Required action - Return, word for word, only the lines of the data below that lie between the line with "今朝の軽井沢の気温は14℃、少し肌寒いです。天気は雨降りです。" and the line with "4月13日,中国诗学研究中心", those two lines included.

BEGIN Material to process

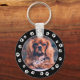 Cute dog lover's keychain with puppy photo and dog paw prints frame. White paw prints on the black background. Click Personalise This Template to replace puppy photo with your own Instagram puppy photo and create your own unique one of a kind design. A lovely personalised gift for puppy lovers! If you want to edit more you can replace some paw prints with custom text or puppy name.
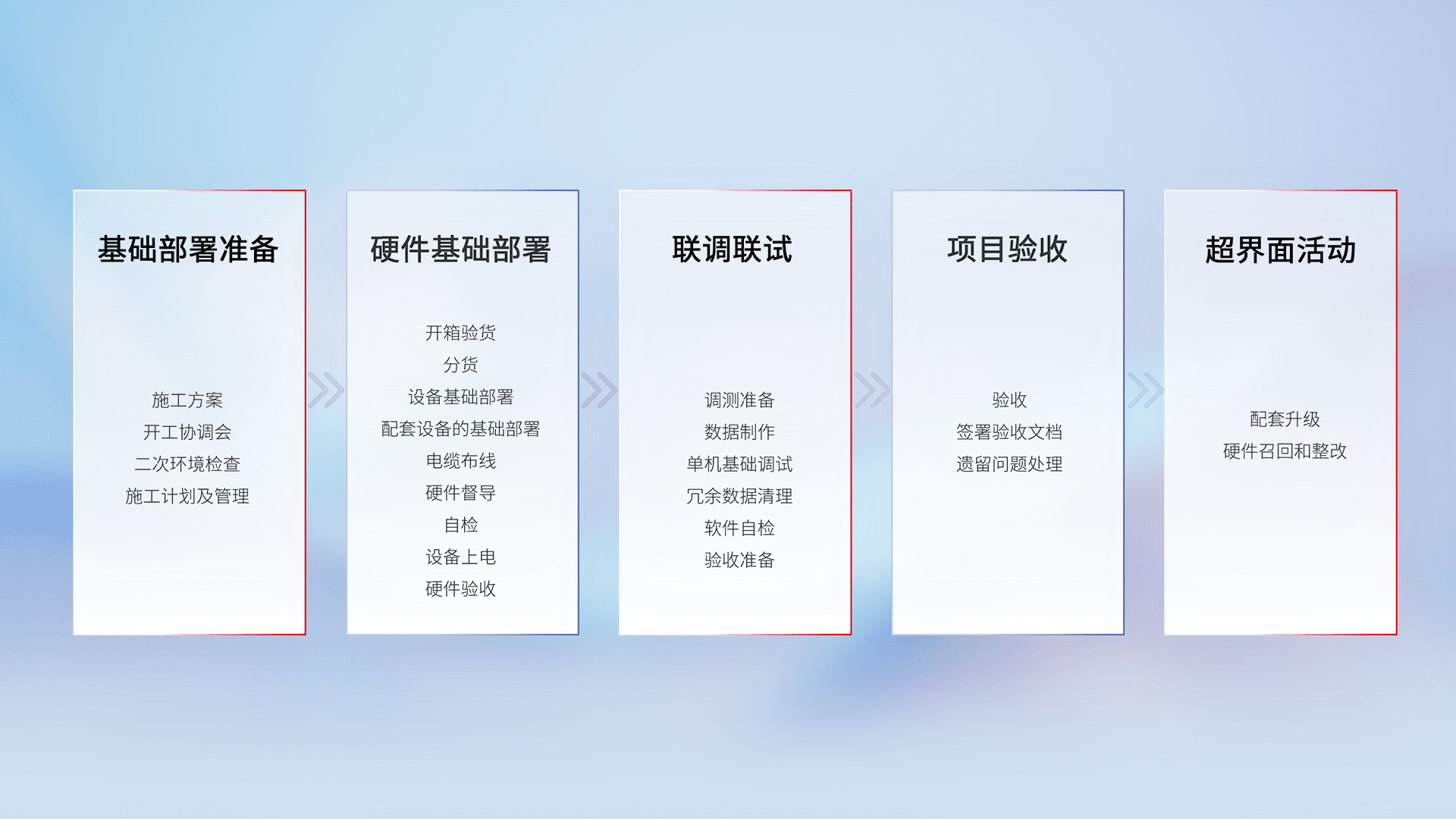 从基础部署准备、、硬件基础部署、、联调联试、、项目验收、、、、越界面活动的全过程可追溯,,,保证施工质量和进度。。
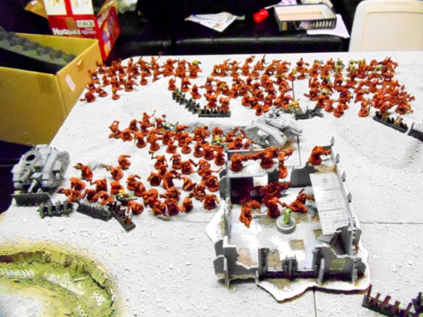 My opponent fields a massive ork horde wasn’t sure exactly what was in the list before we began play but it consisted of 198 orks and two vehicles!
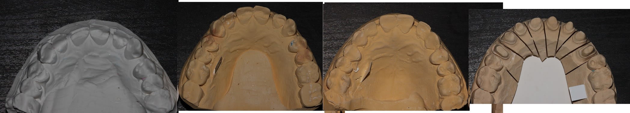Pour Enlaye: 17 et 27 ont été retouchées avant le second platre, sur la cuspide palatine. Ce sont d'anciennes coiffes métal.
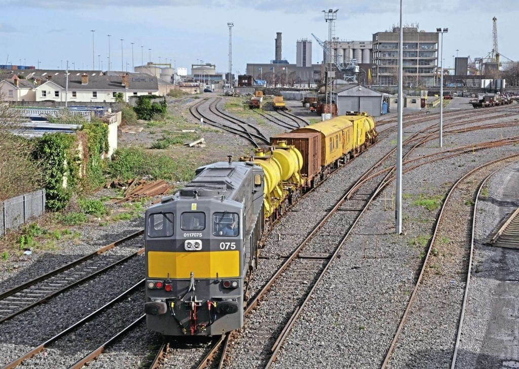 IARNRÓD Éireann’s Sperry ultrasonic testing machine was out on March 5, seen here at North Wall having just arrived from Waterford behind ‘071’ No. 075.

END Material to process
BEGIN Material to process

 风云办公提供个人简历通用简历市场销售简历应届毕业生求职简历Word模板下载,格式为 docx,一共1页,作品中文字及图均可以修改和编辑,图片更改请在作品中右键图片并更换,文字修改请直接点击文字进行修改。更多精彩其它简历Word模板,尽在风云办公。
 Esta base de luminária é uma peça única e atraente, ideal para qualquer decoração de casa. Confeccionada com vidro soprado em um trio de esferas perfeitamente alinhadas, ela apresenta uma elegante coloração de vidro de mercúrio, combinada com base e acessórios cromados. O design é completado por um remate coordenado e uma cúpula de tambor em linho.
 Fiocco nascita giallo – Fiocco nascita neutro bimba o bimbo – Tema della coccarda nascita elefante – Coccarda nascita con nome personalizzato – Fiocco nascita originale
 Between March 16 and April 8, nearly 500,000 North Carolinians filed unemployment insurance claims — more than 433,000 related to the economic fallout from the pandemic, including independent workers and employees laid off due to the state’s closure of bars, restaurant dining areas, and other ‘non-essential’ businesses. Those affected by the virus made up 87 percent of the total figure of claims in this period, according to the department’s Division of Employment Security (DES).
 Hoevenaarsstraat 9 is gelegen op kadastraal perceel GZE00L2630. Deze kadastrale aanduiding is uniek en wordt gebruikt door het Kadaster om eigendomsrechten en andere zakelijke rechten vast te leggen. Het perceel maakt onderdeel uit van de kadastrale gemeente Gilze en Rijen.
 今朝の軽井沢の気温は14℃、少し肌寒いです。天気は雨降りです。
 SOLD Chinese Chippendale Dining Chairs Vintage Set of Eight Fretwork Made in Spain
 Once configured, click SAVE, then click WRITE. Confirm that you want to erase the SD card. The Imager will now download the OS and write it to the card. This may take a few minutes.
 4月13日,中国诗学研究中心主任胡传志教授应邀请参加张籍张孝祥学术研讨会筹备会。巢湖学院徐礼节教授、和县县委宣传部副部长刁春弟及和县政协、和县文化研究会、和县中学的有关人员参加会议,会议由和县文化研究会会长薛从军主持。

END Material to process

Written solution -
 今朝の軽井沢の気温は14℃、少し肌寒いです。天気は雨降りです。
 SOLD Chinese Chippendale Dining Chairs Vintage Set of Eight Fretwork Made in Spain
 Once configured, click SAVE, then click WRITE. Confirm that you want to erase the SD card. The Imager will now download the OS and write it to the card. This may take a few minutes.
 4月13日,中国诗学研究中心主任胡传志教授应邀请参加张籍张孝祥学术研讨会筹备会。巢湖学院徐礼节教授、和县县委宣传部副部长刁春弟及和县政协、和县文化研究会、和县中学的有关人员参加会议,会议由和县文化研究会会长薛从军主持。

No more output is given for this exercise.